Our FSCV protocol follows previous work in rodents (21, 47, 48). An electrochemical conditioning protocol (see Fig. S8A for depiction of applied waveform) is first applied consisting of a 60-Hz application of the measurement waveform for approximately 10 min to allow equilibration. Following this conditioning procedure, a 10-Hz application of the same triangular waveform is applied for the duration of the experiment (Fig. S8B). Examples of the resulting voltammograms (for each patient) and their derivatives, which were used for analysis, are shown in Figs. S9 and S10, respectively.
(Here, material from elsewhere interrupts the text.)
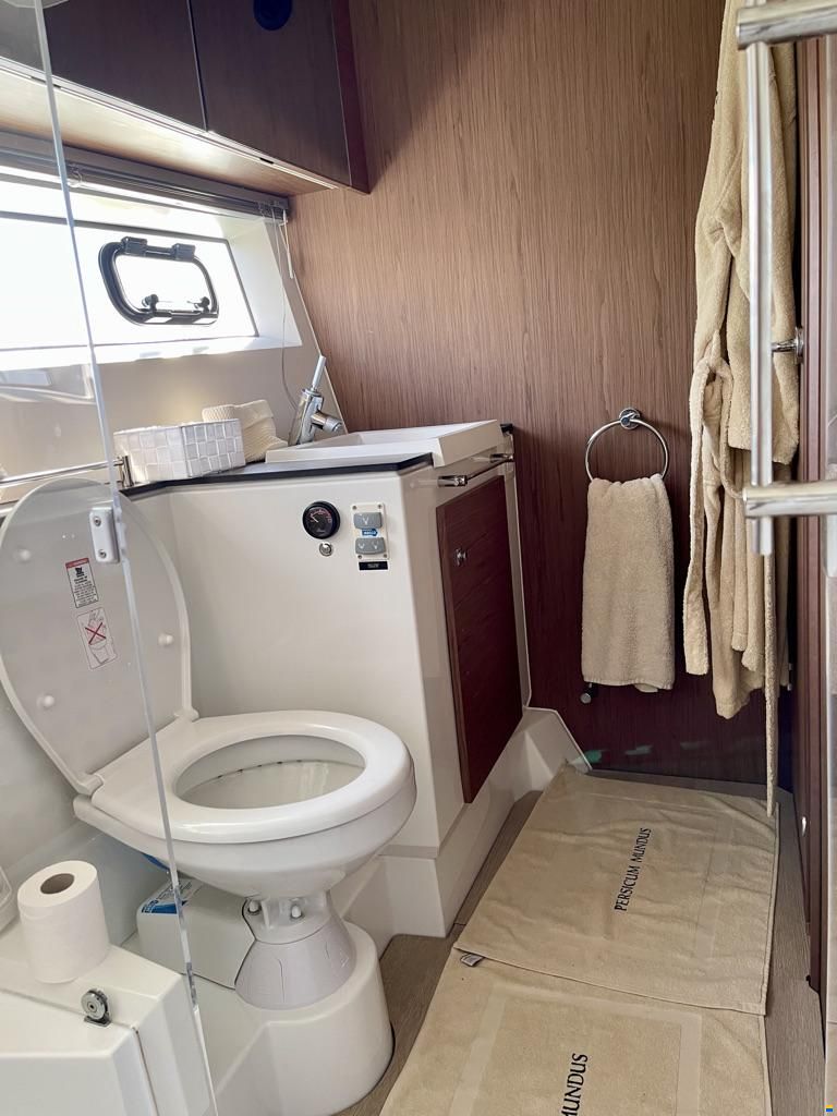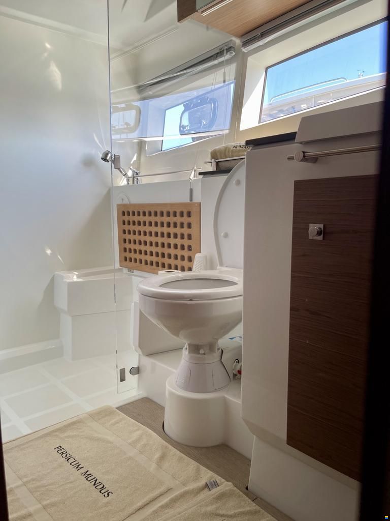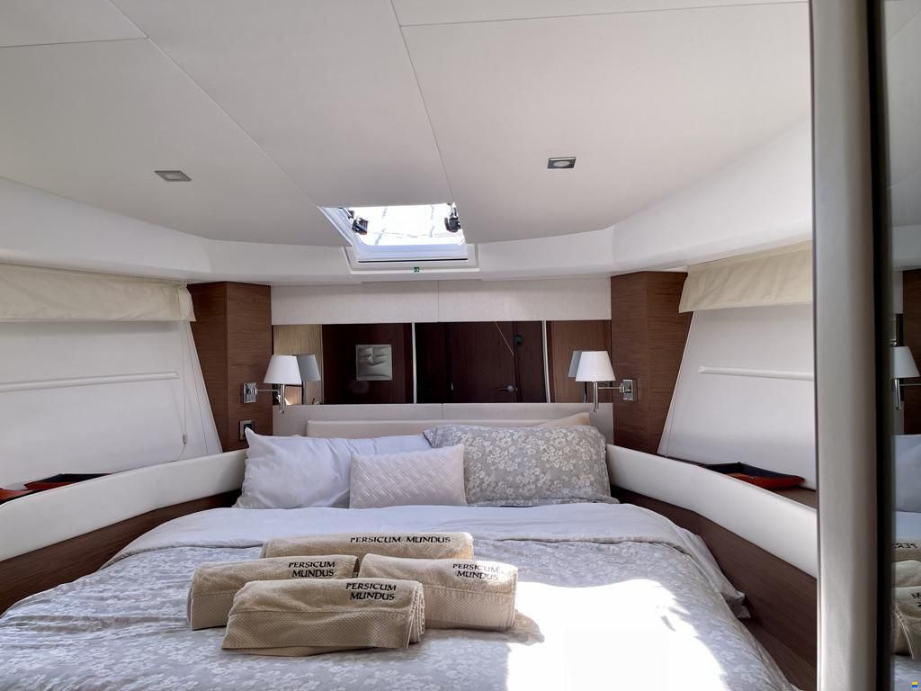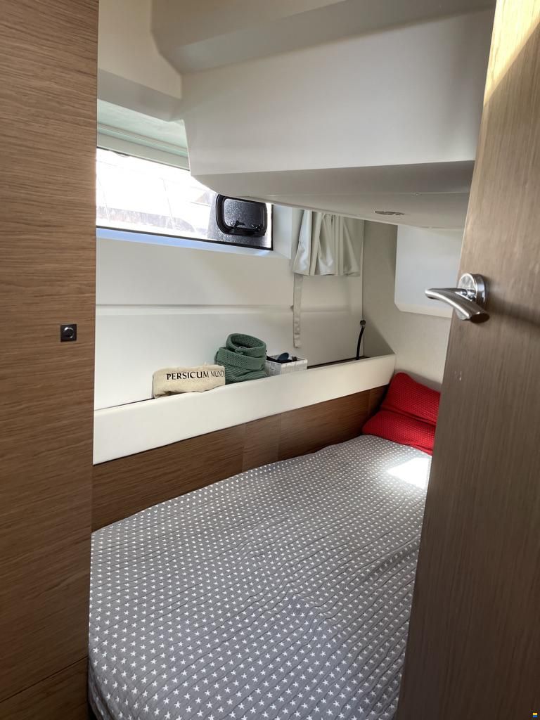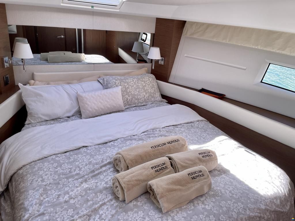The day spaces, including a dining area and an attractive kitchen, are arranged around a spacious living room and have a floor plan designed on one level. The sleeping areas, which are accessed by a comfortable corridor, offer surprising volume in the cabins, bathroom and shower and a true dressing room.

Estimation of Dopamine Concentration.

We estimate dopamine concentration, as measured by FSCV using linear regression models trained using in vitro data and the EN algorithm (refer to SI Methods for more information). The EN algorithm is an automatic shrinkage and regularization approach to fitting-regression models (49). We use the glmnet package developed for use in Matlab (50) to train and test cross-validated models against prepared solutions of known dopamine concentrations. Solutions of dopamine are prepared in PBS (pH 7.4). Powdered dopamine hydrochloride (Sigma-Aldrich) is dissolved in a 0.1 N solution of HCl to a concentration of 100 mM. Aliquots of this solution are diluted to 10 mM in 1× PBS and further diluted (in 1× PBS) to the desired concentration for in vitro calibration of the carbon-fiber microsensors.